Recorded data
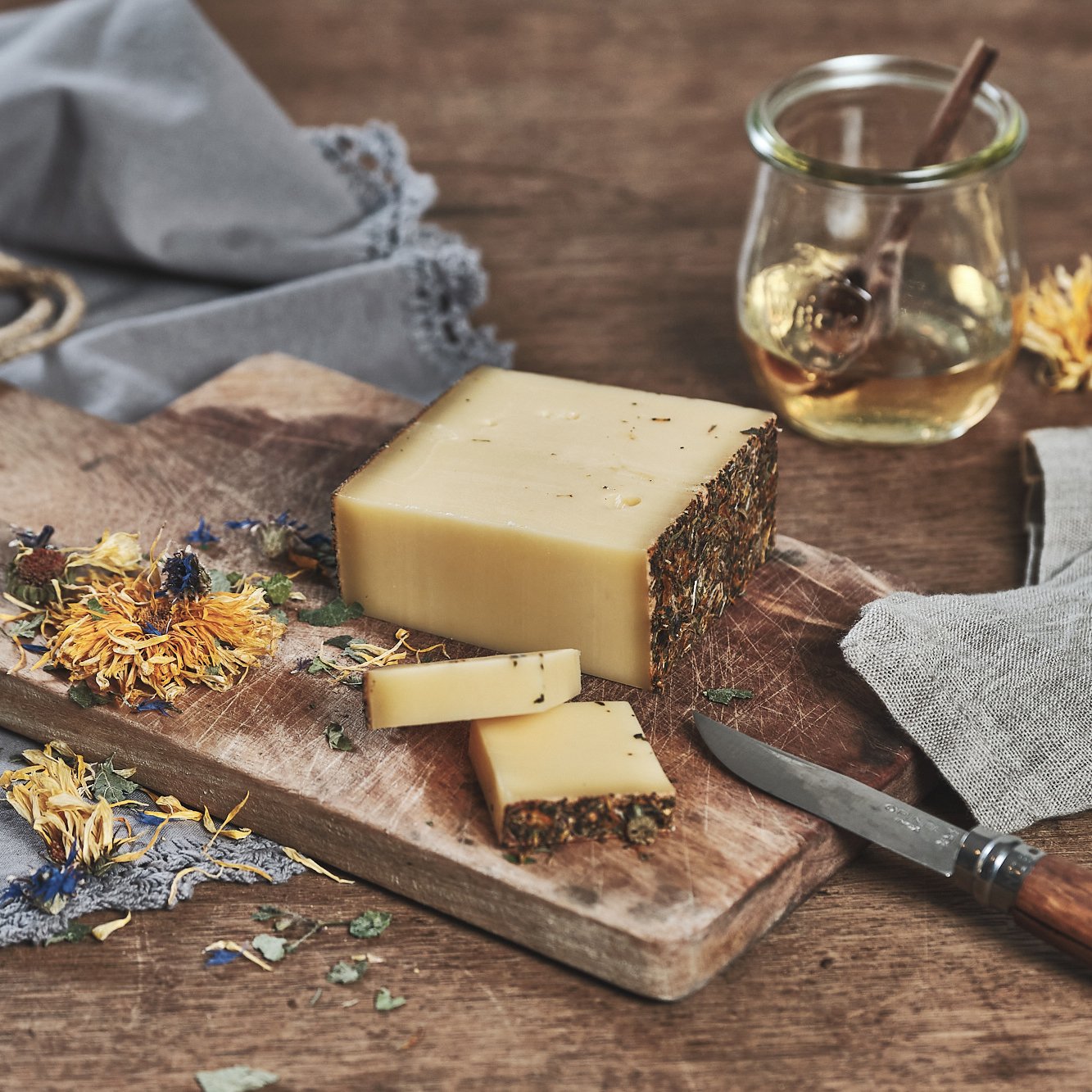 Nach mindestens 8-wöchiger Naturrindenreifung wird dieser Käse mit Akazienhonig und einer Wildblumenmischung affiniert. Der Blumenmantel macht diesen Käse nicht nur optisch, sondern auch geschmacklich besonders interessant.
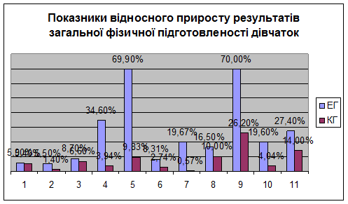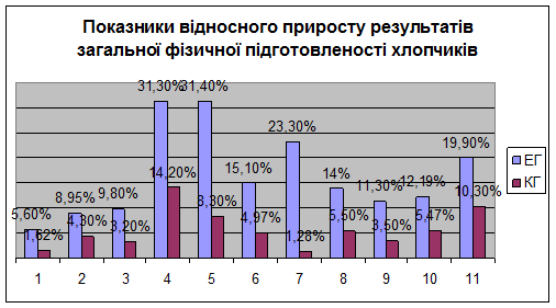 Середній відносний приріст у загальній фізичній підготовленості у хлопчиків експериментальних класів становив 24 %, конрольних – 5,7 %. У дівчаток 26 % та 6,73 % відповідно.
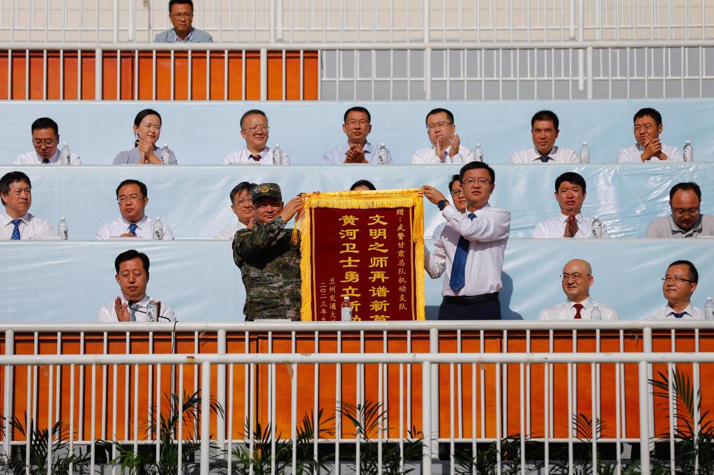 为向武警甘肃总队为我校的国防教育做出的卓越贡献表示感谢,党委副书记贡力向武警甘肃总队某支队政委邹拴社赠送锦旗。
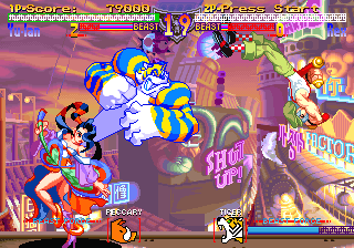 É possível fazer parries e conectar golpes no ar (air combos). Tudo parece estar em seu devido lugar; os controles fluem bem. Dispõe-se de uma spirit bar no lugar da típica super bar dos fightings da Capcom. Quando o medidor estiver finalmente cheio, C no joystick liberará seu totem. Uma time bar surge então, em contagem regressiva. Quando chegar a zero, o animal desaparece. Eles servem para desferir multi-hit combos com a maior facilidade, o que consome energia de special; ou golpes simples, mas muito eficazes, através da monocórdia pressão da mesma tecla C (o coelho, por exemplo, se transforma em cenoura e se arremessa contra o rival).
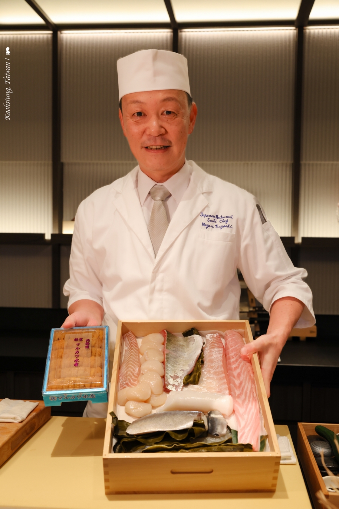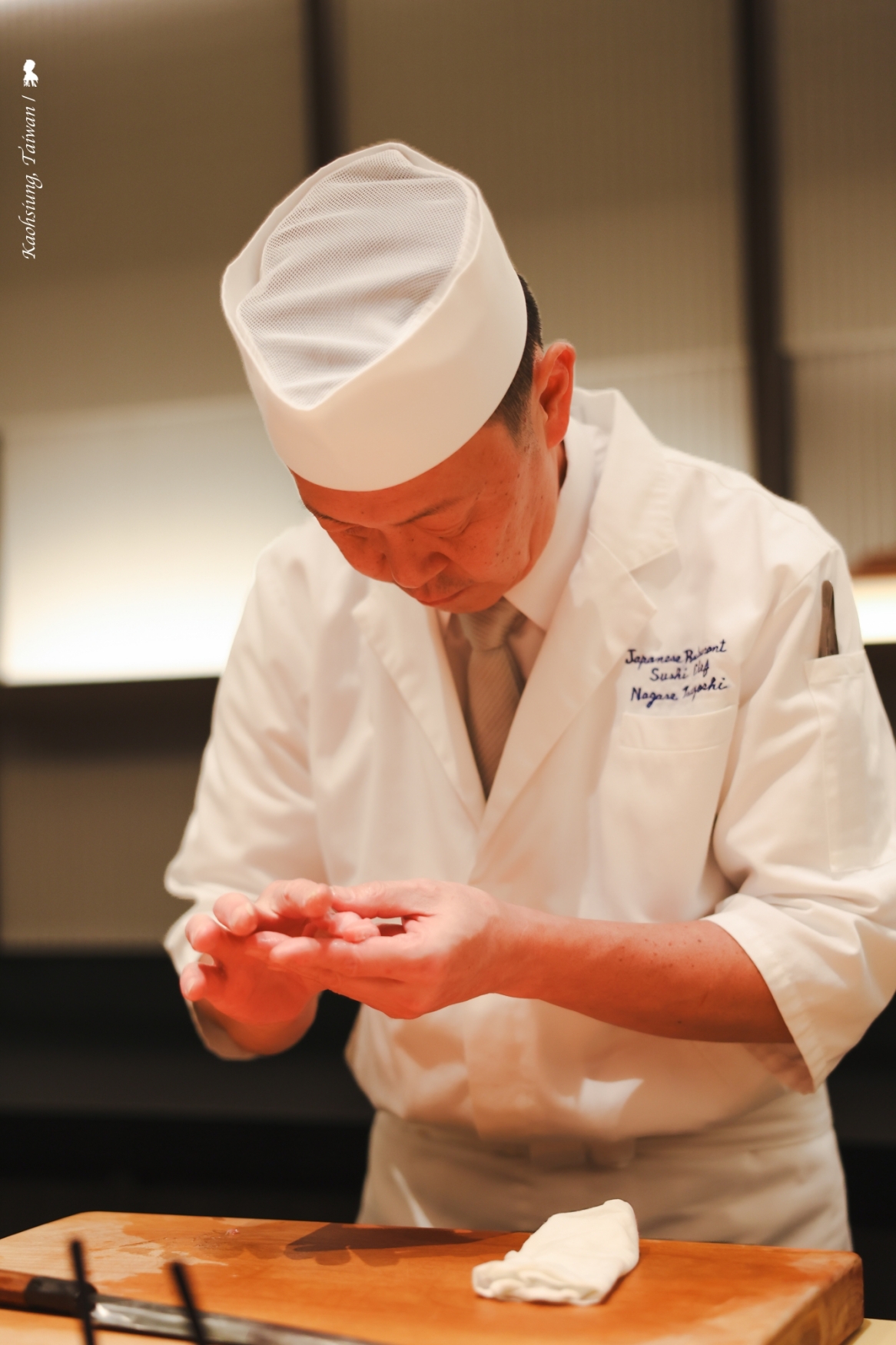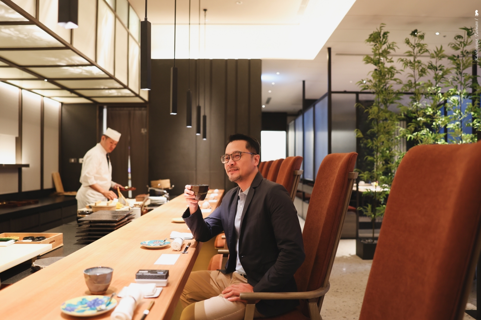若要推薦真正的「職人餐桌」,那一定是飯店二樓的「飛翔」日本料理。這裡分為三區:和食、鐵板燒與「鮨」區。我選擇坐在僅 12 席的板前,由來自大阪、擁有 30 年資歷的料理長長瀨剛主理。

=== Task item ===
Each record should be given again exactly, with no picture carried over.

=== Reply to the exercise ===
 Nach mindestens 8-wöchiger Naturrindenreifung wird dieser Käse mit Akazienhonig und einer Wildblumenmischung affiniert. Der Blumenmantel macht diesen Käse nicht nur optisch, sondern auch geschmacklich besonders interessant.
 Середній відносний приріст у загальній фізичній підготовленості у хлопчиків експериментальних класів становив 24 %, конрольних – 5,7 %. У дівчаток 26 % та 6,73 % відповідно.
 为向武警甘肃总队为我校的国防教育做出的卓越贡献表示感谢,党委副书记贡力向武警甘肃总队某支队政委邹拴社赠送锦旗。
 É possível fazer parries e conectar golpes no ar (air combos). Tudo parece estar em seu devido lugar; os controles fluem bem. Dispõe-se de uma spirit bar no lugar da típica super bar dos fightings da Capcom. Quando o medidor estiver finalmente cheio, C no joystick liberará seu totem. Uma time bar surge então, em contagem regressiva. Quando chegar a zero, o animal desaparece. Eles servem para desferir multi-hit combos com a maior facilidade, o que consome energia de special; ou golpes simples, mas muito eficazes, através da monocórdia pressão da mesma tecla C (o coelho, por exemplo, se transforma em cenoura e se arremessa contra o rival).
若要推薦真正的「職人餐桌」,那一定是飯店二樓的「飛翔」日本料理。這裡分為三區:和食、鐵板燒與「鮨」區。我選擇坐在僅 12 席的板前,由來自大阪、擁有 30 年資歷的料理長長瀨剛主理。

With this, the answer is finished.